## EXERCISE DIRECTIONS
Everything in the data below except the pictures must be repeated word for word.

## DATA BLOCK
Content starts

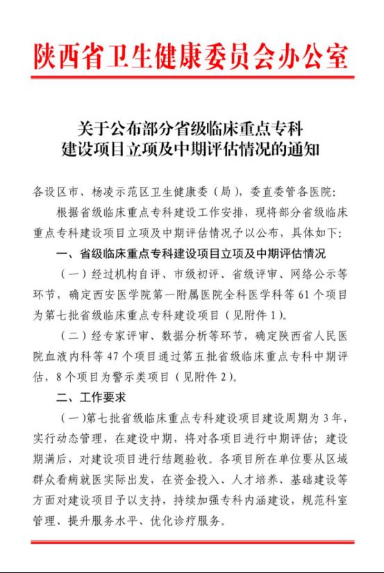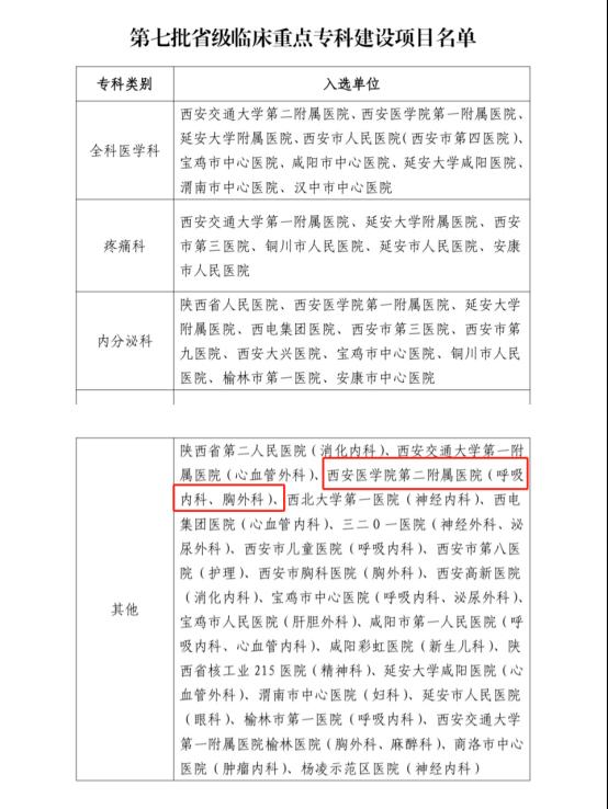 近日,陕西省卫生健康委员会正式公布第七批省级临床重点专科建设项目名单。我院呼吸与危重症医学科、胸外科凭借深厚的学科积淀、强劲的技术实力与优质的医疗服务,经过机构自评、省级评审、网络公示等多轮严格遴选,成功获批。这一喜讯不仅是对两个科室多年来深耕细作、精益求精的高度肯定,更是西安医学院第二附属医院在学科建设道路上稳步前行、再创佳绩的有力见证。
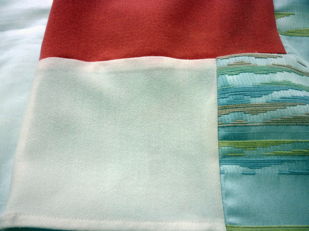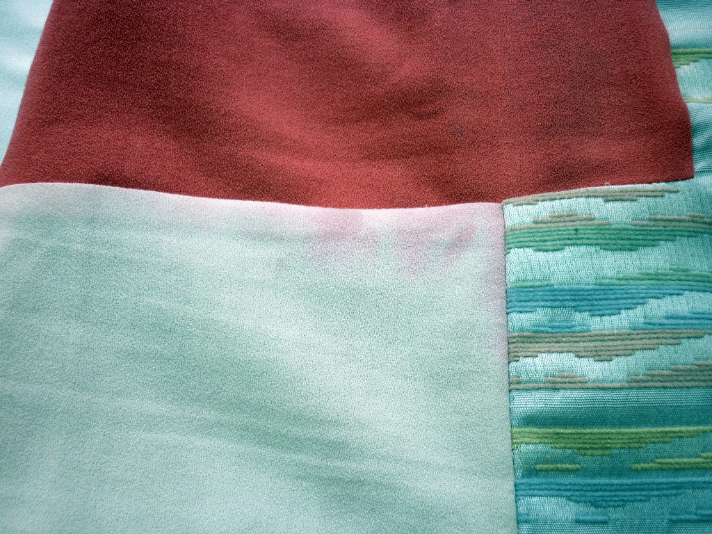 色柄でパチワーク風に仕立てたスカートなのですが、家庭洗濯され赤い色が色移りしたとのことでお持ちいただきました。
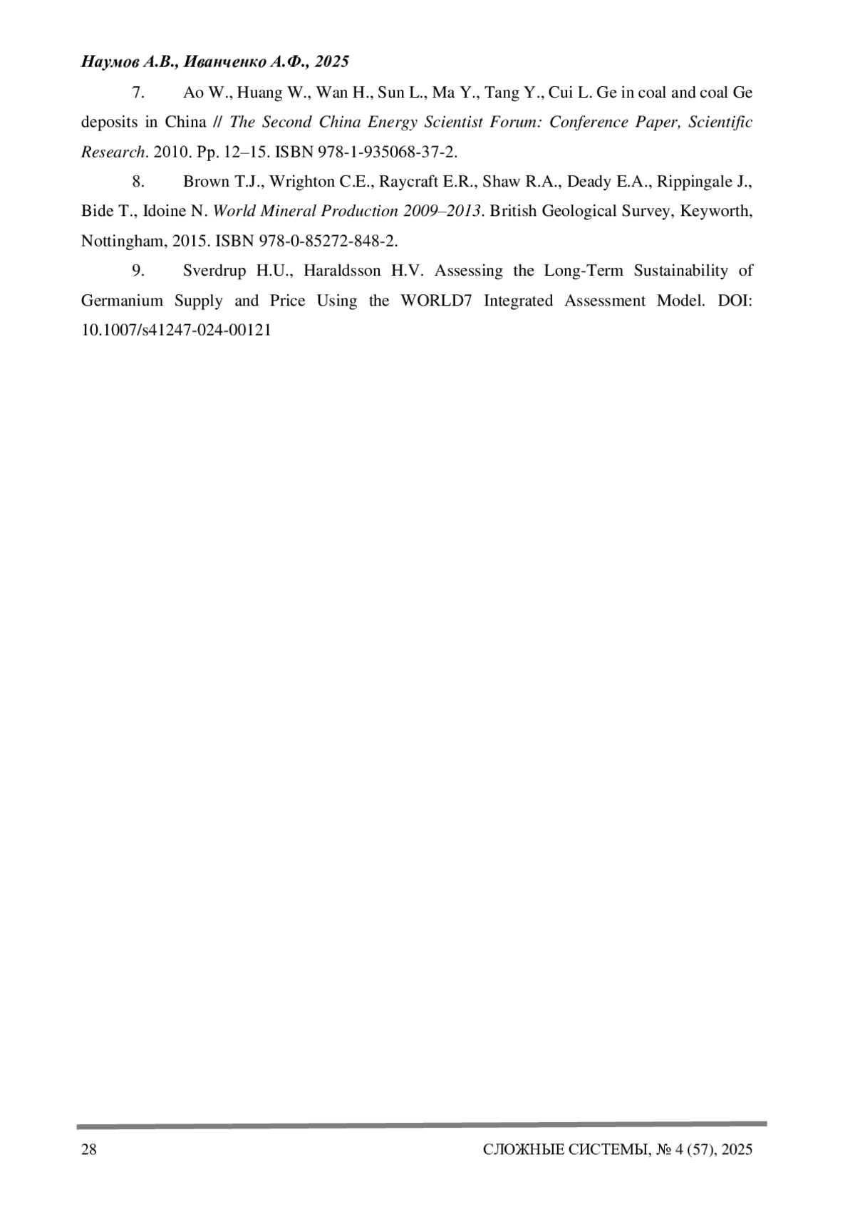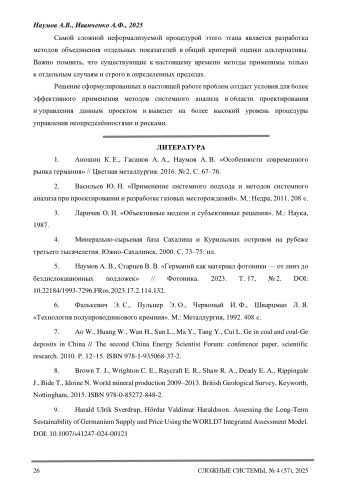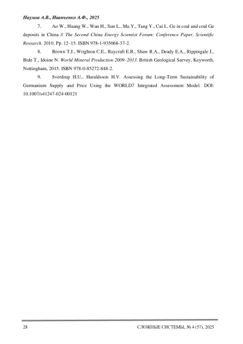 The article examines the organization of germanium production in the Russian Federation from the perspective of a system approach. The problem is classified as a weakly structured issue within a sociotechnical system: decisions are made with incomplete data and rely on expert assessments. The paper describes the stages of system analysis, provides a brief historical overview of the industry, and characterizes the raw material base and germanium extraction technologies. Key application areas of the element are listed: infrared optics, fiber-optic communication lines, photovoltaics, electronics, and defense technologies. The study identifies barriers to the industry’s development in Russia and proposes systemic solutions: developing new deposits, modernizing production facilities, recycling secondary resources, and establishing a closed value chain.

Content ends

## RESULT OF THE TASK
 近日,陕西省卫生健康委员会正式公布第七批省级临床重点专科建设项目名单。我院呼吸与危重症医学科、胸外科凭借深厚的学科积淀、强劲的技术实力与优质的医疗服务,经过机构自评、省级评审、网络公示等多轮严格遴选,成功获批。这一喜讯不仅是对两个科室多年来深耕细作、精益求精的高度肯定,更是西安医学院第二附属医院在学科建设道路上稳步前行、再创佳绩的有力见证。
 色柄でパチワーク風に仕立てたスカートなのですが、家庭洗濯され赤い色が色移りしたとのことでお持ちいただきました。
 The article examines the organization of germanium production in the Russian Federation from the perspective of a system approach. The problem is classified as a weakly structured issue within a sociotechnical system: decisions are made with incomplete data and rely on expert assessments. The paper describes the stages of system analysis, provides a brief historical overview of the industry, and characterizes the raw material base and germanium extraction technologies. Key application areas of the element are listed: infrared optics, fiber-optic communication lines, photovoltaics, electronics, and defense technologies. The study identifies barriers to the industry’s development in Russia and proposes systemic solutions: developing new deposits, modernizing production facilities, recycling secondary resources, and establishing a closed value chain.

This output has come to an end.